▸ Given information:
--------------------
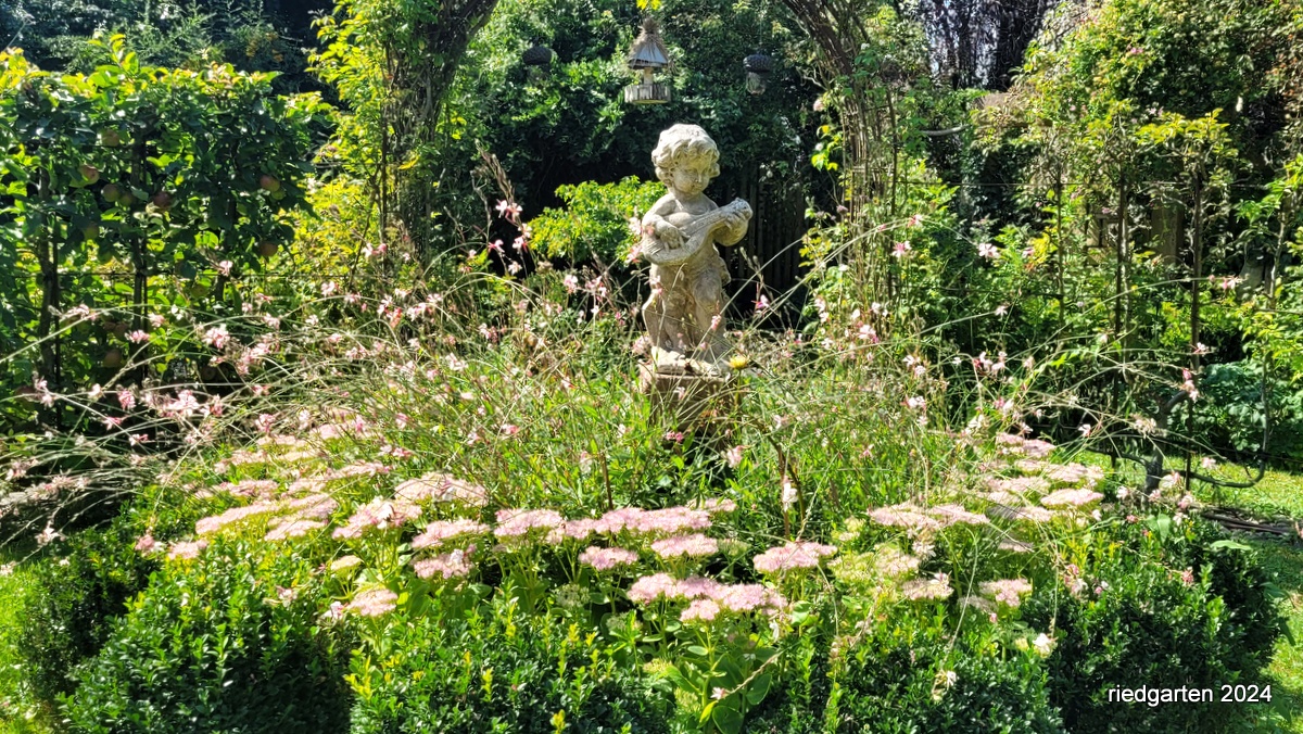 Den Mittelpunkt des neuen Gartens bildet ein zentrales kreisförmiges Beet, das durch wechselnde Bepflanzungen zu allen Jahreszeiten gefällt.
--------------------
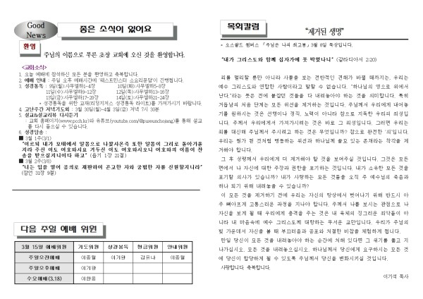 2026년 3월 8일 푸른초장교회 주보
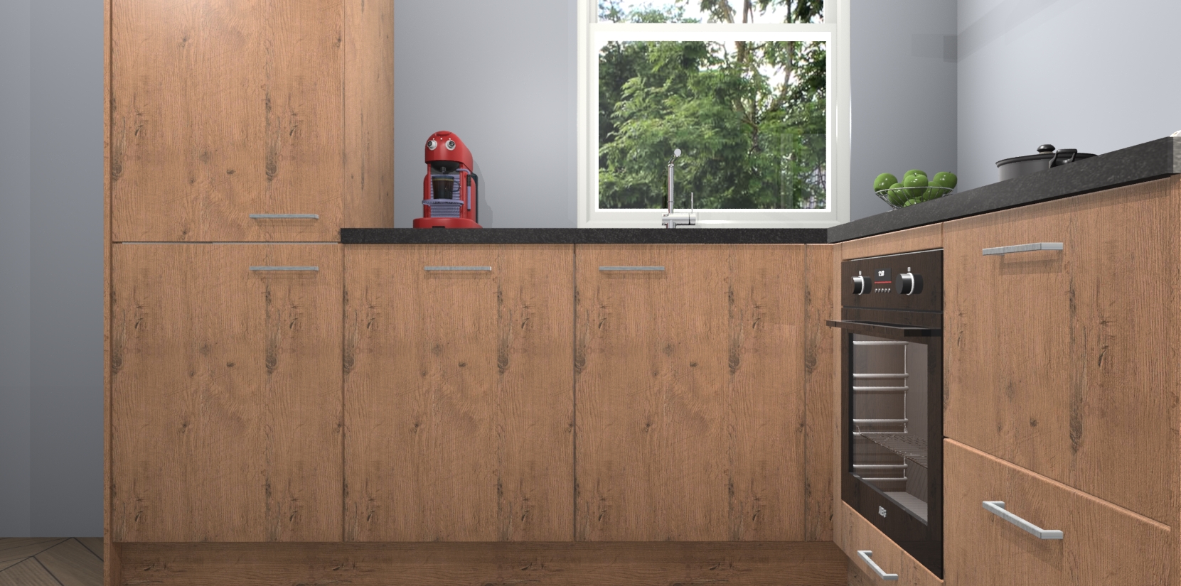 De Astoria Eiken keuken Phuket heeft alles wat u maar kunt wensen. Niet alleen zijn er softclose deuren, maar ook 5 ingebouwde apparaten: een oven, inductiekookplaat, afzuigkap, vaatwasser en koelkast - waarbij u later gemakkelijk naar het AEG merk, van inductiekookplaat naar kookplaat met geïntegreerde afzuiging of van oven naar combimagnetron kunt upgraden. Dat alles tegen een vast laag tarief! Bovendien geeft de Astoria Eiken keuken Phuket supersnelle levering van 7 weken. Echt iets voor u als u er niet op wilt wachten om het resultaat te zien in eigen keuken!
--------------------
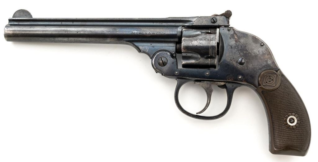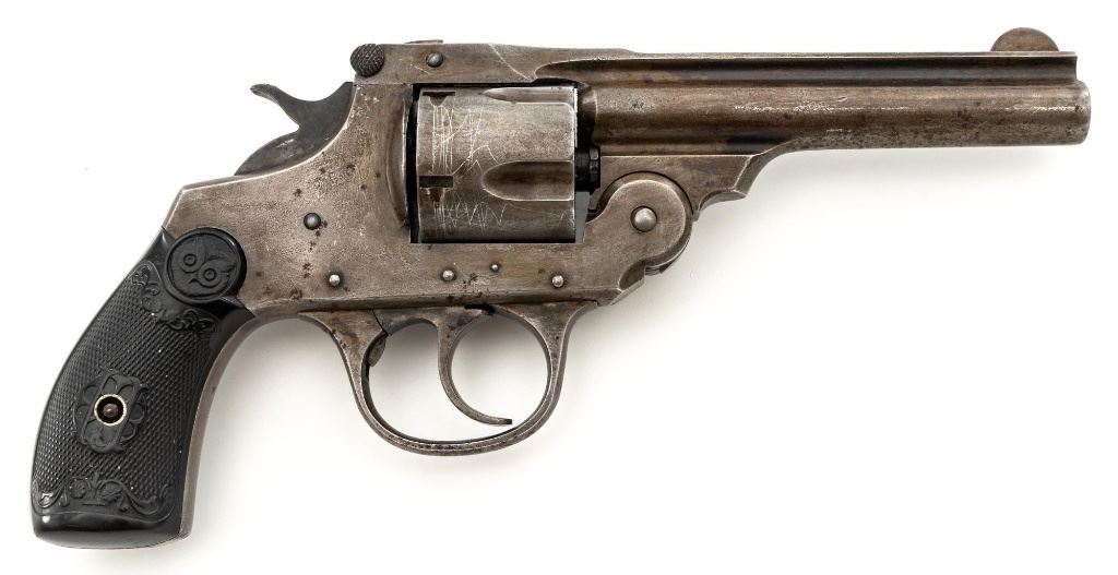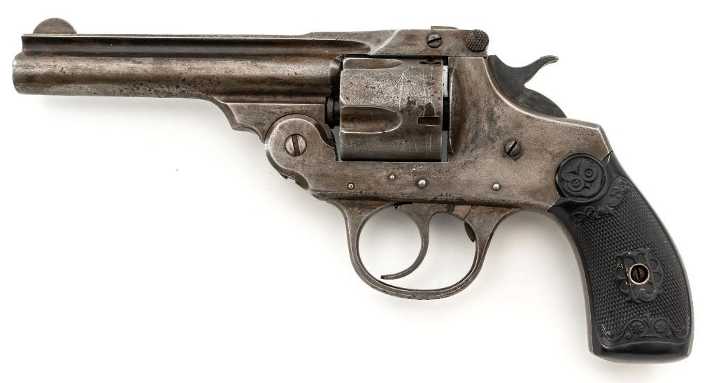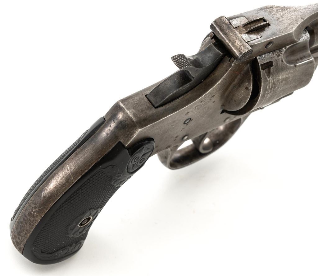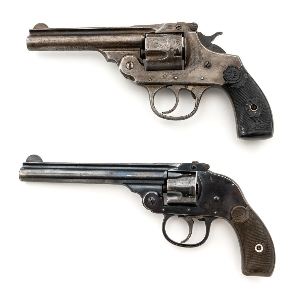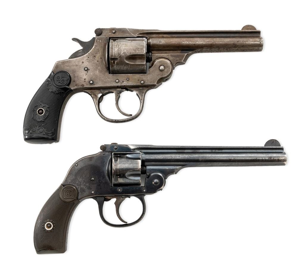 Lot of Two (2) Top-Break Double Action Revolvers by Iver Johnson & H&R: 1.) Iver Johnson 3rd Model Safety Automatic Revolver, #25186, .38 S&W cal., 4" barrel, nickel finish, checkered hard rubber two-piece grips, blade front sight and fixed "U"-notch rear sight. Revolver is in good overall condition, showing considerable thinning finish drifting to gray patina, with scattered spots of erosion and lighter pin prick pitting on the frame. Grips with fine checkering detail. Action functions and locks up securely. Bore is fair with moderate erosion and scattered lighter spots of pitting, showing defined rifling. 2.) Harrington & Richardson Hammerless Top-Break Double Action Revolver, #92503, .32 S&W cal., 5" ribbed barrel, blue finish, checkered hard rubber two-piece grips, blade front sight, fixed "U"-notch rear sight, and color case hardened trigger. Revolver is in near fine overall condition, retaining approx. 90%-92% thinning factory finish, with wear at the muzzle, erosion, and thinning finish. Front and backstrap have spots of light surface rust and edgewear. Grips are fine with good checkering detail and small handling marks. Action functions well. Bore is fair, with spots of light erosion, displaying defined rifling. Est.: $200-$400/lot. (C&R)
--------------------
▸ Activity: Above, find the line holding "2026년 3월 8일 푸른초장교회 주보" and the line holding "De Astoria Eiken keuken Phuket heeft". Print exactly those two lines and every line between them, but no pictures.

▸ Output for this exercise:
 2026년 3월 8일 푸른초장교회 주보
 De Astoria Eiken keuken Phuket heeft alles wat u maar kunt wensen. Niet alleen zijn er softclose deuren, maar ook 5 ingebouwde apparaten: een oven, inductiekookplaat, afzuigkap, vaatwasser en koelkast - waarbij u later gemakkelijk naar het AEG merk, van inductiekookplaat naar kookplaat met geïntegreerde afzuiging of van oven naar combimagnetron kunt upgraden. Dat alles tegen een vast laag tarief! Bovendien geeft de Astoria Eiken keuken Phuket supersnelle levering van 7 weken. Echt iets voor u als u er niet op wilt wachten om het resultaat te zien in eigen keuken!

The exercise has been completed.